According to the present invention, in a digital signal recording device used for recording a digital signal on a magnetic tape, the gain of a low frequency component of a digital signal to be recorded is relatively lowered as compared with a high frequency component of the digital signal. The non-linear distortion is lowered by recording the same on the magnetic tape by compensating for.

[Conventional technology]

For example, as disclosed in Japanese Patent Laid-Open No. 55-135316, when recording a high frequency digital signal such as a digital video signal, a recording circuit as shown in FIG. 7 has been conventionally used.

In FIG. 7, the emitters of the transistors 51 and 52 are commonly connected, and this connection point is connected to the collector of the transistor 53 that operates as a constant current source. Transistor
The base of 53 is connected to a terminal 54 to which a constant voltage is applied.
The emitter of the transistor 53 is connected to the power supply terminal 56 of −V _EE via the resistor 55.

The bases of the transistors 51 and 52 are the input terminals 57 and
Connected to 58 respectively. The collectors of the transistors 51 and 52 are connected to one terminal 60 and the other terminal 61 of the magnetic head 59, respectively. The terminal 62 at the midpoint of the magnetic head 59 is connected to the power supply terminal 63 of + V _CC .

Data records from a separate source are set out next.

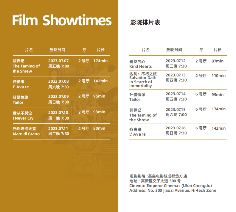 本次電影周選取的影片極具代表性。紀(jì)錄片《達(dá)利:不朽之旅》講述了西班牙超現(xiàn)實(shí)主義藝術(shù)家薩爾瓦多·達(dá)利的傳奇一生與傳世畫(huà)作;取材于英國(guó)杰出戲劇家莎士比亞最具“冒犯性”劇本的戲劇片《馴悍記》,在全片“笑果”不斷的同時(shí),也用“以古現(xiàn)今”的方式引發(fā)觀眾對(duì)當(dāng)下的思考;取材于法國(guó)著名劇作家莫里哀代表作的戲劇片《吝嗇鬼》,生動(dòng)描繪了世界文學(xué)史上“四大吝嗇鬼”之一“阿巴貢”的形象;精彩呈現(xiàn)意大利風(fēng)光的《托斯塔納天堂》將跟隨一群兒童冒險(xiǎn)家漫游到意大利托斯塔納……
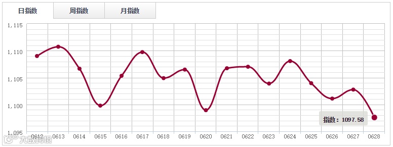 6月28日,中国木材指数(CTI)报收1205.99点,跌0.39点,跌幅0.03%。广州鱼珠木材指数(YTI)收于1104.96点,跌0.45%;上海福人木材指数(FTI)报收1245.05点,跌0.79%;四川大西南木材指数(DTI)报收1329.93点,涨2.13%;中国南康木材指数(JTI)报收1693.70点,跌0.08%,平稳。
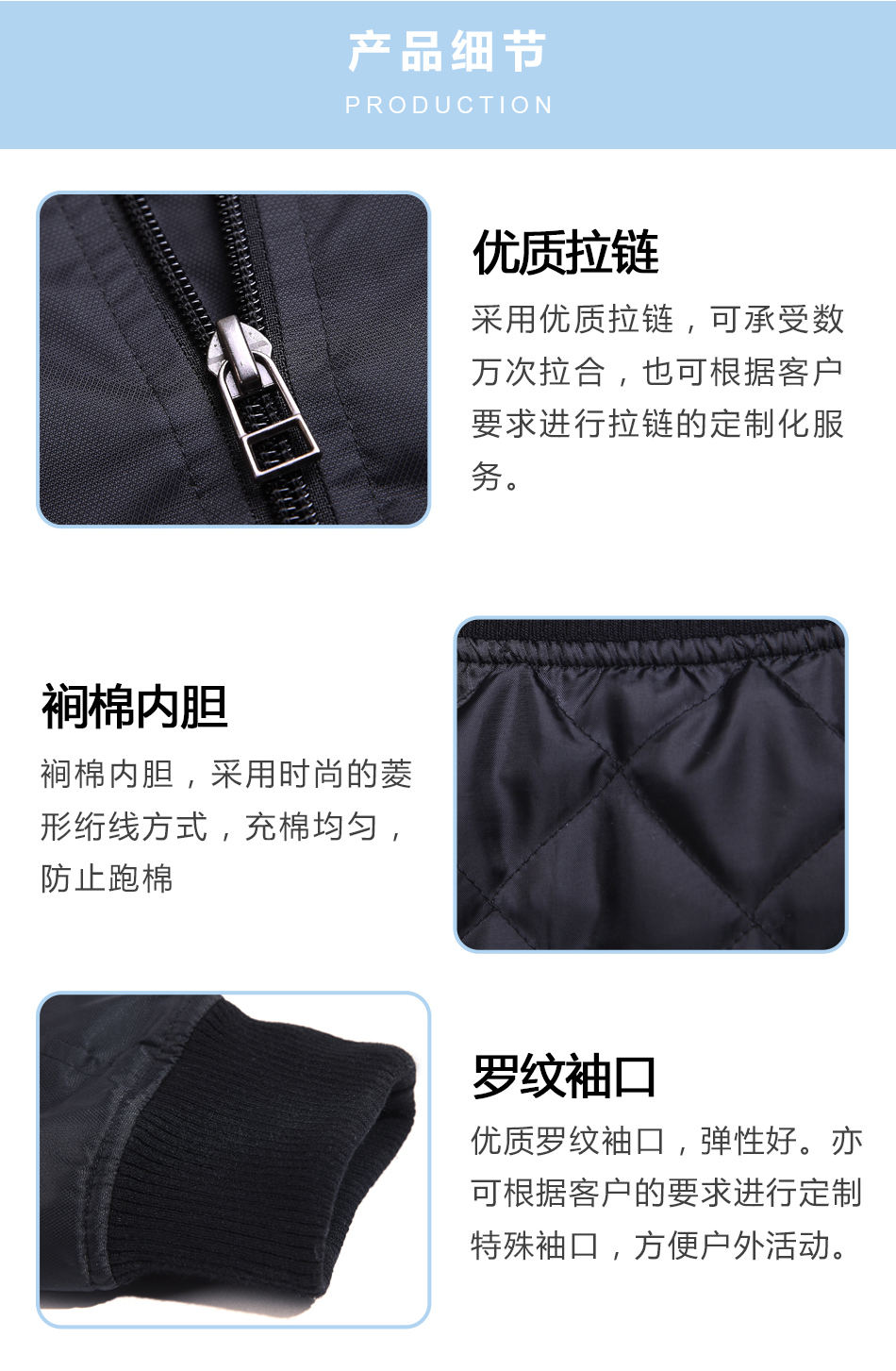 羅紋袖口:優(yōu)質(zhì)羅紋袖口,彈性好。亦可根據(jù)客戶的要求進(jìn)行團(tuán)體夾克定制其特殊袖口,方便戶外活動。
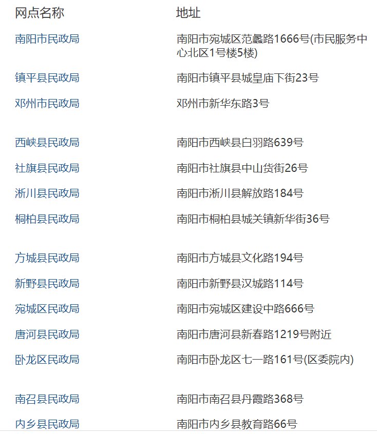 地址:南阳市宛城区民政局婚姻登记处长江东路569号
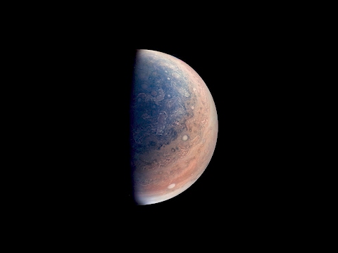 Using a high-resolution color camera of the NASA’s Juno Spacecraft, scientists have captured swirling clouds and spinning storms on Jupiter’s south pole.

The conventional recording circuit shown in FIG. 7 has input terminals 57 and 58.
The digital signal supplied to
52 is turned on / off, currents in opposite directions are applied to the windings 64 of the magnetic head 59, and signals are recorded on the magnetic tape. That is, when the digital signal supplied to the input terminal 57 is high level and the digital signal supplied to the input terminal 58 is low level, the transistor 51
Is turned on, the transistor 52 is turned off, and a current flows through the winding 64 in the direction indicated by the arrow a. When the digital signal supplied to the input terminal 58 is high level and the digital signal supplied to the input terminal 57 is low level, the transistor 52
Is turned on, the transistor 51 is turned off, and a current is passed through the winding 64 in the direction indicated by arrow b.

However, when magnetic recording is performed at a high recording density such as when a digital video signal is stored on a magnetic tape, a large amount of non-linear distortion peculiar to magnetic recording occurs. Such non-linear distortion cannot be removed by the equalizer during reproduction.

In the above-mentioned conventional recording circuit, the same recording current is always flowed in the same phase for the high frequency component and the low frequency component, and no compensation is made for the non-linear distortion. Therefore, there is a problem that a large amount of non-linear distortion occurs during recording.

It is considered that the non-linear distortion in the recording process occurs due to the interference between the pulse written immediately and the pulse written next. On the other hand, if the recording current waveform is properly compensated,
It is possible to lower the generation.

Therefore, a recording circuit has been proposed in which phase distortion is added in advance to a digital signal to be recorded. That is, as shown in FIG. 8, a digital signal to be recorded is supplied from the input terminal 71 to the high-pass filter 72, and the digital signal to be recorded by the high-pass filter 72 is subjected to phase distortion so as to compensate for the occurrence of nonlinear distortion in advance. Give it. The output of the high pass filter 72 is binarized by the comparator 73 and supplied to the magnetic head 75 via the recording amplifier 74. By thus preliminarily applying phase compensation to the digital signal to be recorded, the non-linear distortion is lowered.

As shown in FIG. 9, the digital signal to be recorded is supplied from the input terminal 81 to the peaking circuit 82, and the output of the peaking circuit 82 is supplied to the magnetic head 85 via the attenuator 83 and the recording amplifier 84. A recording circuit has been proposed. For this recording circuit,
It is described in detail in 5). As the peaking circuit 82, as shown in FIG. 10, a resistor 88 and a capacitor 89 are connected in parallel between an input terminal 86 and an output terminal 87, and an output terminal is provided.
Resistance between the connection point between 87 and resistor 88 and capacitor 89 and ground
The one that connects 90 is used. The recording amplifier 84 needs to have a linear amplitude characteristic.

In the recording circuit shown in FIG. 10, the peaking circuit 82 performs amplitude and phase compensation for nonlinear distortion in advance. Thereby, the non-linear distortion is lowered.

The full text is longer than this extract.